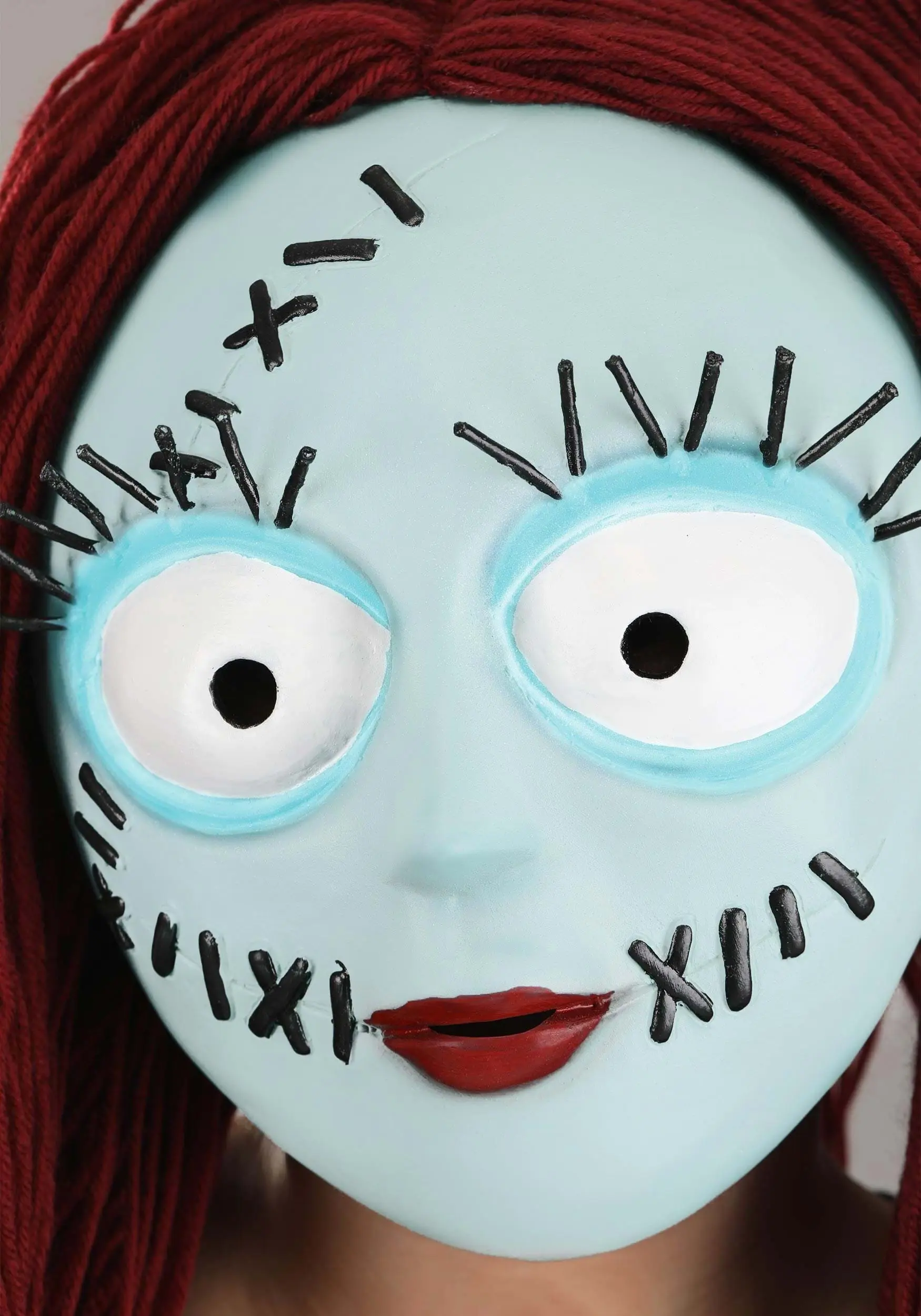- Back of mask has mesh panel covered with dark red yarn “hair” that covers back & sides of head
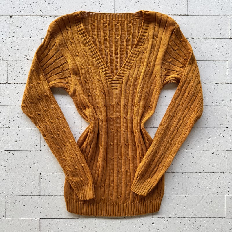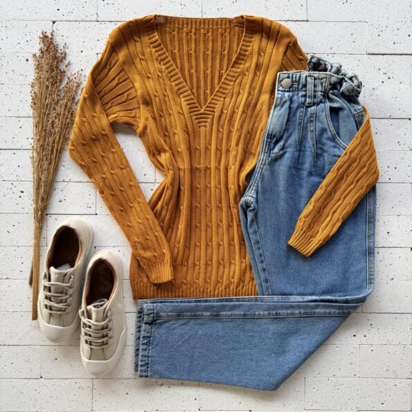 BLUSA TRICO GOLA V TRAMA CANELADA MOSTARDA – Elegância em Tom Quente
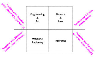 (concept courtesy of Peter Thiel and SXSW) I have been saying for a long time that these new tech entrepreneurs have a different worldview than the rest of us, and this is largely it. Let's talk about the text in the pink. For the longest time, the US and populations of other developed countries saw the world through a prism of everything getting better. Each generation felt the future was bright and getting brighter. They had optimism and a clear vision of good things to come. That can be found on the above chart in the upper left: "Positive with Direction." To US citizens, that was the way our world looked for most if not all of the 1900s and even into the early-2000s. People in this mode had a clear and positive view of the future and worked steadily toward it. But then something happened. Our world economy began to sink, and today most US citizens have moved into the mindset in the upper right: "Positive but Aimless." We are still optimistic (largely because it's a habit, I suspect) but we aren't really sure why. Bear with me, I promise the theory will be over in a just a few more words. Then we'll talk about changing our lives, right now! According to Peter, most of the rest of the developed world, China, India, Europe, etc... feel much less positive about the future. They believe things will probably get worse, even if they're not exactly sure how. These people fall into the lower right hand category: "Negative and Aimless." Now the worst category of thinkers would be in be the lower left: "Negative with Direction." These people are not only pessimistic about the future, they are also certain that it's going straight to doom and gloom. They have a vision...but it's for disaster. The terms within the quadrants describe which types of companies/systems generally thrive in each of the four environments. Of course, we all understand that "Wartime Rationing" means that almost no company is doing well. The "Insurance" section also makes sense. People that believe the future is bleak and uncertain will likely invest in insurance to cover those losses. In that quadrant, insurance companies will be the big financial winners. Peter Thiel believes this is why Warren Buffet's largely insurance-centric companies have done so well, because so many countries currently have a bleak outlook on the future. The upper-right quadrant is for companies that are optimistic but lack vision. They tend to spread their product development out among many lines (think Sony) and assume that some percentage of their goods will sell well. In truth, those successes are not at all certain, and the companies earning most in this environment are the legal and financial firms in the background. Finally (yes, we're near the end of the background stuff), companies that are "positive with direction" have a clear vision for the future and develop specific plans to get there. Pixar's and Apple's high-quality successes come to mind. The exciting thing is that anyone with clear vision and direction can not only survive but thrive in any of the four environments. That means that simply by changing our mindset we can enjoy the same bright and definite futures as those positive tech companies.

§

The material should be returned verbatim, with all images omitted.

- Back of mask has mesh panel covered with dark red yarn “hair” that covers back & sides of head
 BLUSA TRICO GOLA V TRAMA CANELADA MOSTARDA – Elegância em Tom Quente
 (concept courtesy of Peter Thiel and SXSW) I have been saying for a long time that these new tech entrepreneurs have a different worldview than the rest of us, and this is largely it. Let's talk about the text in the pink. For the longest time, the US and populations of other developed countries saw the world through a prism of everything getting better. Each generation felt the future was bright and getting brighter. They had optimism and a clear vision of good things to come. That can be found on the above chart in the upper left: "Positive with Direction." To US citizens, that was the way our world looked for most if not all of the 1900s and even into the early-2000s. People in this mode had a clear and positive view of the future and worked steadily toward it. But then something happened. Our world economy began to sink, and today most US citizens have moved into the mindset in the upper right: "Positive but Aimless." We are still optimistic (largely because it's a habit, I suspect) but we aren't really sure why. Bear with me, I promise the theory will be over in a just a few more words. Then we'll talk about changing our lives, right now! According to Peter, most of the rest of the developed world, China, India, Europe, etc... feel much less positive about the future. They believe things will probably get worse, even if they're not exactly sure how. These people fall into the lower right hand category: "Negative and Aimless." Now the worst category of thinkers would be in be the lower left: "Negative with Direction." These people are not only pessimistic about the future, they are also certain that it's going straight to doom and gloom. They have a vision...but it's for disaster. The terms within the quadrants describe which types of companies/systems generally thrive in each of the four environments. Of course, we all understand that "Wartime Rationing" means that almost no company is doing well. The "Insurance" section also makes sense. People that believe the future is bleak and uncertain will likely invest in insurance to cover those losses. In that quadrant, insurance companies will be the big financial winners. Peter Thiel believes this is why Warren Buffet's largely insurance-centric companies have done so well, because so many countries currently have a bleak outlook on the future. The upper-right quadrant is for companies that are optimistic but lack vision. They tend to spread their product development out among many lines (think Sony) and assume that some percentage of their goods will sell well. In truth, those successes are not at all certain, and the companies earning most in this environment are the legal and financial firms in the background. Finally (yes, we're near the end of the background stuff), companies that are "positive with direction" have a clear vision for the future and develop specific plans to get there. Pixar's and Apple's high-quality successes come to mind. The exciting thing is that anyone with clear vision and direction can not only survive but thrive in any of the four environments. That means that simply by changing our mindset we can enjoy the same bright and definite futures as those positive tech companies.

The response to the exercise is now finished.